## THE TASK:
Exactly the lines from the one containing "窓の大きな特製ストーブの薪が" through the end of the data, and nothing more, should be retyped; pictures stay out.

## GIVEN INFORMATION:
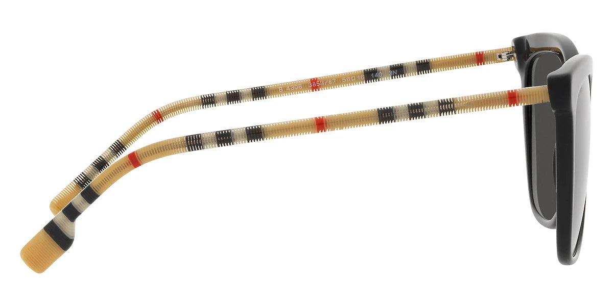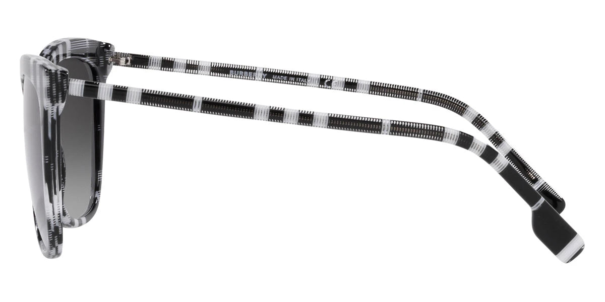 Check White/Black (40048G) Sunglasses with Gradient Gray lenses (BE4308 40048G 56) by BURBERRY™. Size: 56-16-140, Shape: Square, Material: Plastic.
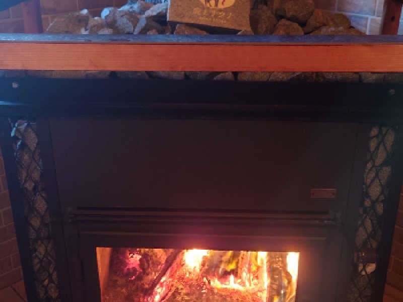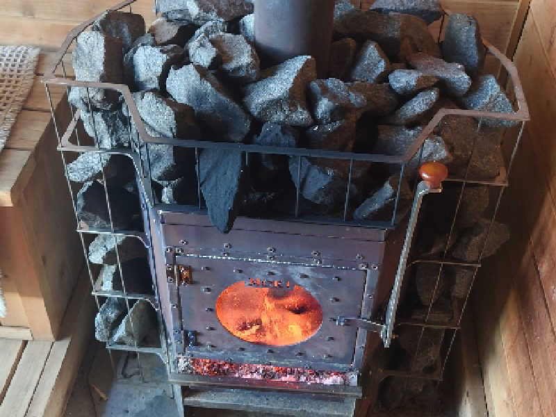 窓の大きな特製ストーブの薪が燃える様子を見ながら、サウナを堪能させていただきました!じっくり蒸したあとの外気浴最高でした!
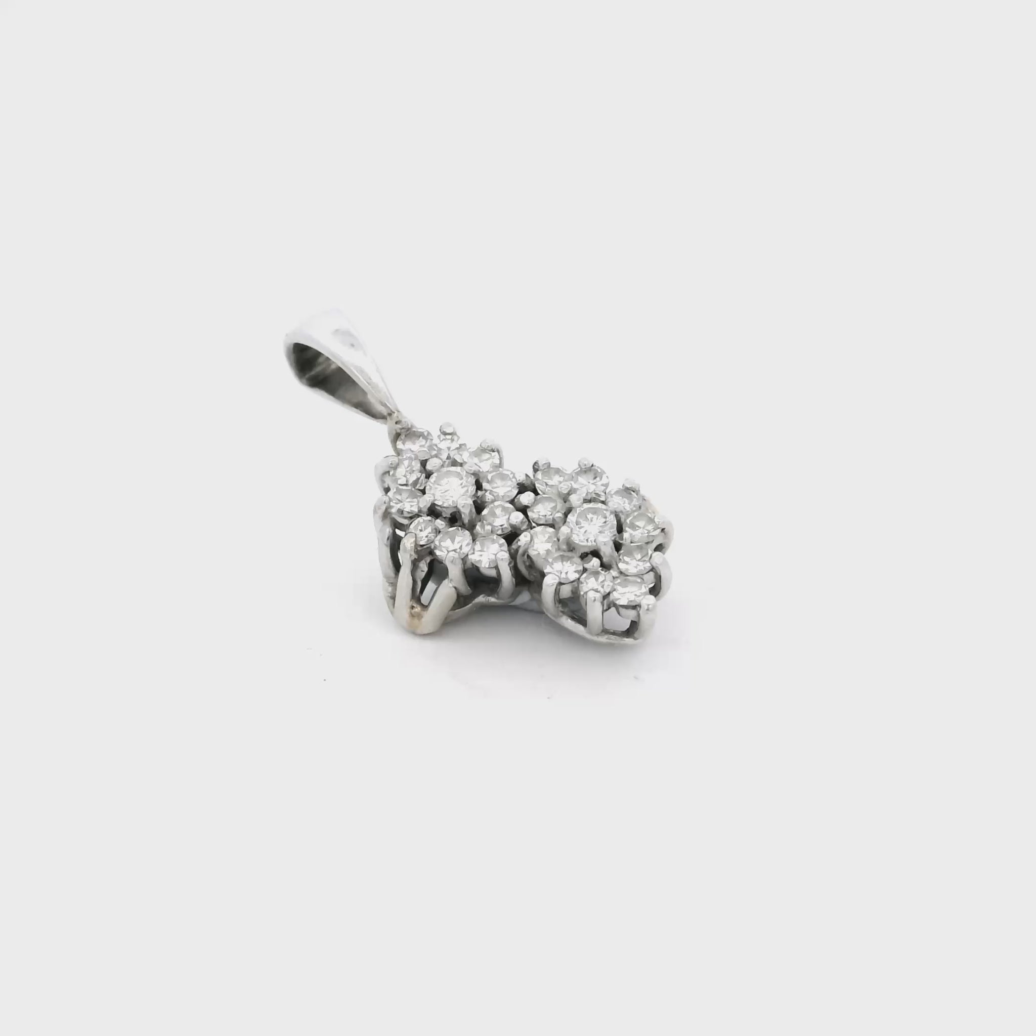 14k White Gold 0.88ctw Diamond Two Flowers Pendant

## TASK ANSWER:
 窓の大きな特製ストーブの薪が燃える様子を見ながら、サウナを堪能させていただきました!じっくり蒸したあとの外気浴最高でした!
 14k White Gold 0.88ctw Diamond Two Flowers Pendant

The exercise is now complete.